**PROBLEM:**
For this exercise, copy exactly the lines below from the one with "1. Carmen Blu®, cv" through the one with "満期共済金を受け取った場合と" and leave out the pictures.

**LISTED RECORDS:**
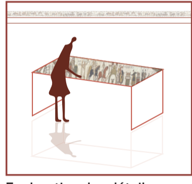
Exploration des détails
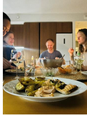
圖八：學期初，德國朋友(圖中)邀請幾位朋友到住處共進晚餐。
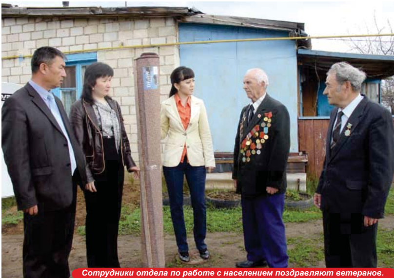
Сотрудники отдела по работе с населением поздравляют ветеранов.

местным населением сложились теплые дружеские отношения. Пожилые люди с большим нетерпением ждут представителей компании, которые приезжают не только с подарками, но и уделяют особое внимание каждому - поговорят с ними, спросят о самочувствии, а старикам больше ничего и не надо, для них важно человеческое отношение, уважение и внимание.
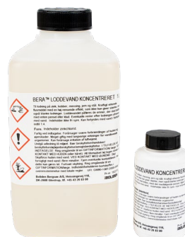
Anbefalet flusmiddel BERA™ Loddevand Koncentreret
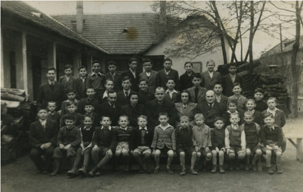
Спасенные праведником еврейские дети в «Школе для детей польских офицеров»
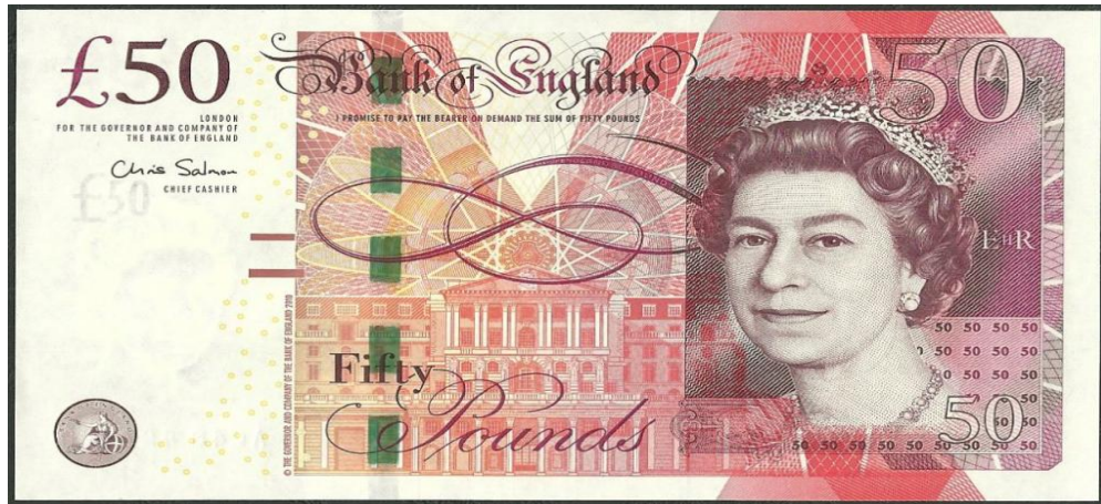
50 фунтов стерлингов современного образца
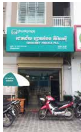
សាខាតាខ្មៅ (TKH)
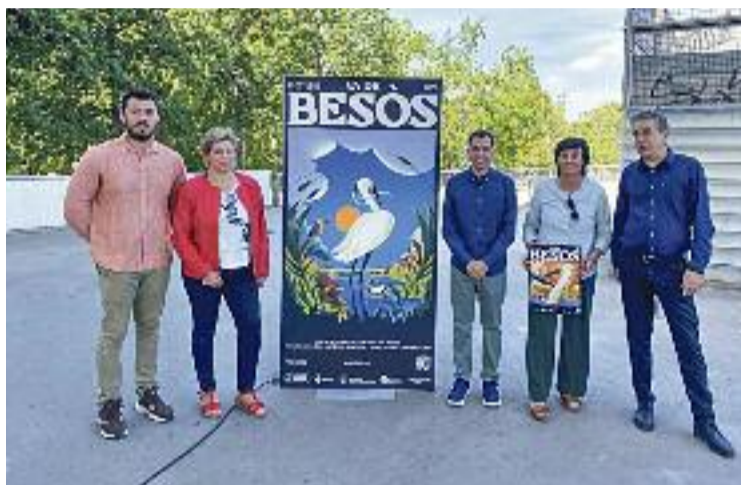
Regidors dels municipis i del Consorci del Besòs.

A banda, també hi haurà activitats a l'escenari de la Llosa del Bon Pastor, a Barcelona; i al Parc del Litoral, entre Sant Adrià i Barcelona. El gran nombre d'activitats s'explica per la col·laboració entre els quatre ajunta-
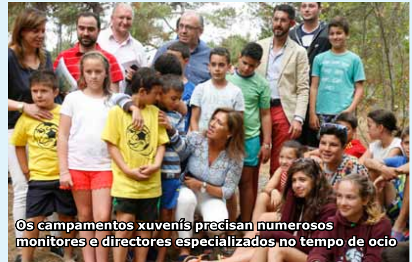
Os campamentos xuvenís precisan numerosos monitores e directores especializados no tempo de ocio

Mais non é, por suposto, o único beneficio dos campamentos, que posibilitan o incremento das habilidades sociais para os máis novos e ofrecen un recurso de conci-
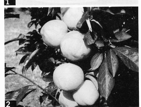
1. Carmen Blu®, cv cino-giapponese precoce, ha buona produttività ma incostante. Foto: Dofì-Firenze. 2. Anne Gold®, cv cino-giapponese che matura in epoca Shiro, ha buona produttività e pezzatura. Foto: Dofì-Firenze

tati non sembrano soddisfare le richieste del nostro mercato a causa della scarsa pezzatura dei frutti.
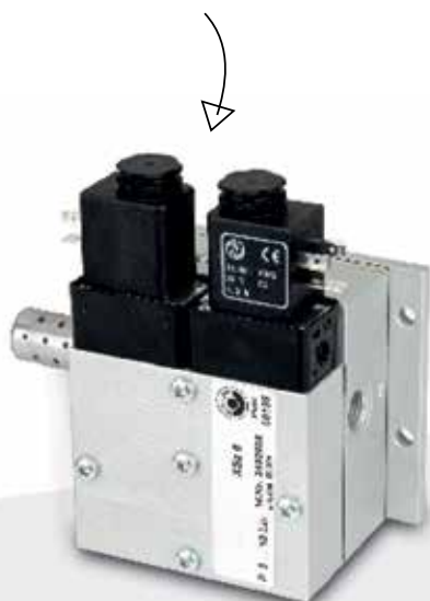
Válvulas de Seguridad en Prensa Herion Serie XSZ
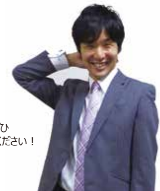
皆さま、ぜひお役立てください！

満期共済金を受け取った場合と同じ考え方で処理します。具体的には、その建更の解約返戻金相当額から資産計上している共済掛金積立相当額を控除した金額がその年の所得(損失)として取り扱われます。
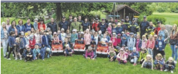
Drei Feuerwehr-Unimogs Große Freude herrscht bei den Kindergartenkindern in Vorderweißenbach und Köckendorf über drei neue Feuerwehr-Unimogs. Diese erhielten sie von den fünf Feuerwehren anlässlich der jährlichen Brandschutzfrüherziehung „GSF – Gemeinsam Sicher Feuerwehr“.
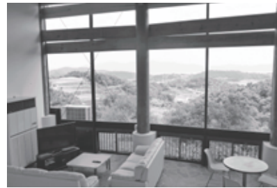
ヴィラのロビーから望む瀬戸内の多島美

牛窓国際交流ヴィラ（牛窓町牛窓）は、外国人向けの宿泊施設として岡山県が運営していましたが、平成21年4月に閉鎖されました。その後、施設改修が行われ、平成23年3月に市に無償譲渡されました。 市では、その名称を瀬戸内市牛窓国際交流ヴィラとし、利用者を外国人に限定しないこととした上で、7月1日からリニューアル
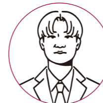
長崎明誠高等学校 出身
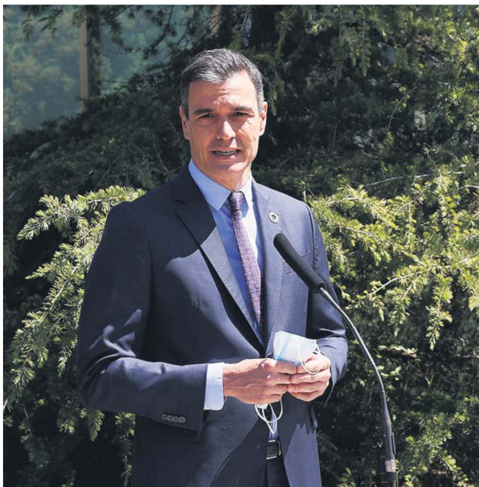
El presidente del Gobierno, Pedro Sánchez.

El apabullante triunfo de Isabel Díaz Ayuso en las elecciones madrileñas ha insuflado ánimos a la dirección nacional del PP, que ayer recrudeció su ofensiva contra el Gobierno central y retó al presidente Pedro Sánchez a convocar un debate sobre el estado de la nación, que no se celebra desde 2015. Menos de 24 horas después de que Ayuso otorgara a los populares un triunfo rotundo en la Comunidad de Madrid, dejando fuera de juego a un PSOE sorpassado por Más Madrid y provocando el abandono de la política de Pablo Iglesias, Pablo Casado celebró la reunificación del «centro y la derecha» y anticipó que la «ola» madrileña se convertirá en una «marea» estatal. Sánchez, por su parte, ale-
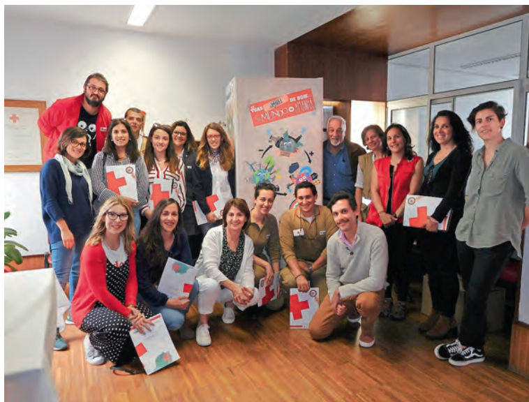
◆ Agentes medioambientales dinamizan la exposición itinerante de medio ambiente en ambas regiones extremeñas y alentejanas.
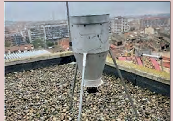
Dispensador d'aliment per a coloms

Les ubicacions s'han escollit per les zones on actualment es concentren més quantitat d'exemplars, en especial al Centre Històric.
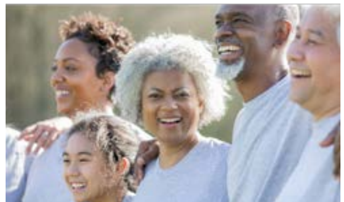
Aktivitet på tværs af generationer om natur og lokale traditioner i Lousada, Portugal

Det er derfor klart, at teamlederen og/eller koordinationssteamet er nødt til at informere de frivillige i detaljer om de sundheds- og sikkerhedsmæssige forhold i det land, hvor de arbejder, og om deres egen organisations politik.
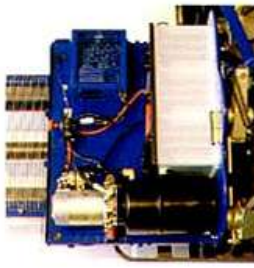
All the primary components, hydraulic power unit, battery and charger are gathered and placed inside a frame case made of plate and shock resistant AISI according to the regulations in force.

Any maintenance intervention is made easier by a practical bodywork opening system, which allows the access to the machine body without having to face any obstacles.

**RESPONSE TO THIS EXERCISE:**
1. Carmen Blu®, cv cino-giapponese precoce, ha buona produttività ma incostante. Foto: Dofì-Firenze. 2. Anne Gold®, cv cino-giapponese che matura in epoca Shiro, ha buona produttività e pezzatura. Foto: Dofì-Firenze

tati non sembrano soddisfare le richieste del nostro mercato a causa della scarsa pezzatura dei frutti.
Válvulas de Seguridad en Prensa Herion Serie XSZ
皆さま、ぜひお役立てください！

満期共済金を受け取った場合と同じ考え方で処理します。具体的には、その建更の解約返戻金相当額から資産計上している共済掛金積立相当額を控除した金額がその年の所得(損失)として取り扱われます。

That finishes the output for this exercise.